Following tcpdump shows cluster member 1 (00:00:00:00:fe:00) and cluster member 2 (00:00:00:00:fe:01) both are sending 8116 CCP packets. That is normal. If you only see one sending, you will have to check another one’s switch port vlan configuration. You may miss one vlan on switch trunk port, which has happened to me.
17. Permanent Change Global Kernel Parameters Value Global kernel parameters exist to control (customize) the behavior of Security Gateway (kernel parameters are located in $FWDIR/boot/modules/fw*mod* kernel modules).

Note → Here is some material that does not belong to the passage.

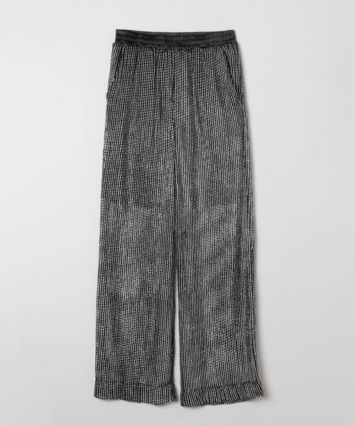 ーーー 繊細なスクエアの透かし柄で清涼感のある生地にハクプリントをのせて、スタイリングの主役になるストレートパンツ ーーー 透かし柄にプリントを施し、ギラギラしすぎずに抜け感とリラックス感のあるデザインパンツです♪ 膝上までついている裏地で、下着のラインも気になりにくい安心仕様に仕上げました。 裏地は程よく足との隙間ができるような着心地の良いサイズ感です。 ウエスト部分はゴムで脱ぎ穿きしやすく、紐が付いているので調節可能なところもうれしいポイント★ 暑い時期にも穿きやすく、歩くと風を纏うような涼しげなアイテムなので、今の時期から長い期間楽しめます。 -INFORMATION- ◆商品のお気に入り登録 完売していても再入荷時に再入荷通知を受け取ることができますので、是非ご登録ください♪ ◆ブランドのお気に入り登録 新商品や再入荷などの情報を受け取ることができますので、是非ご登録ください♪
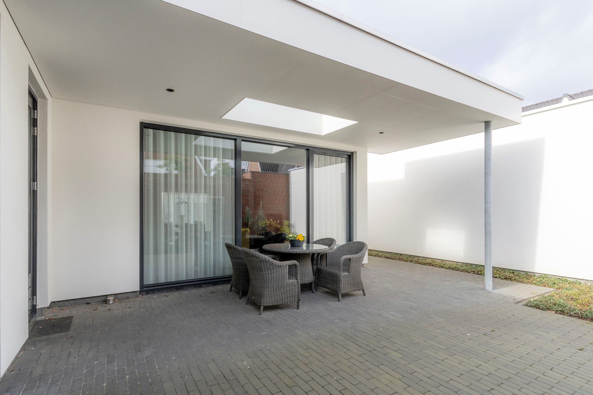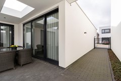 - Terras met afwatering, overkapping met lichtkoepel en inbouwspots

This control (customization) can be done on-the-fly using the fw ctl set int command (change takes effect immediately). However, the value of the kernel parameter returns to its default value after a reboot. At times, it may be required to control (customize) the behavior of Security Gateway permanently. In addition, it is necessary for some kernel parameters to be changed upon boot. fwkern.conf file is the one which holds all those kernel parameters value. If it is not existing in your system, you will need to create it manually.
The Security Gateway must be rebooted after any change in the $FWDIR/boot/modules/fwkern.conf file.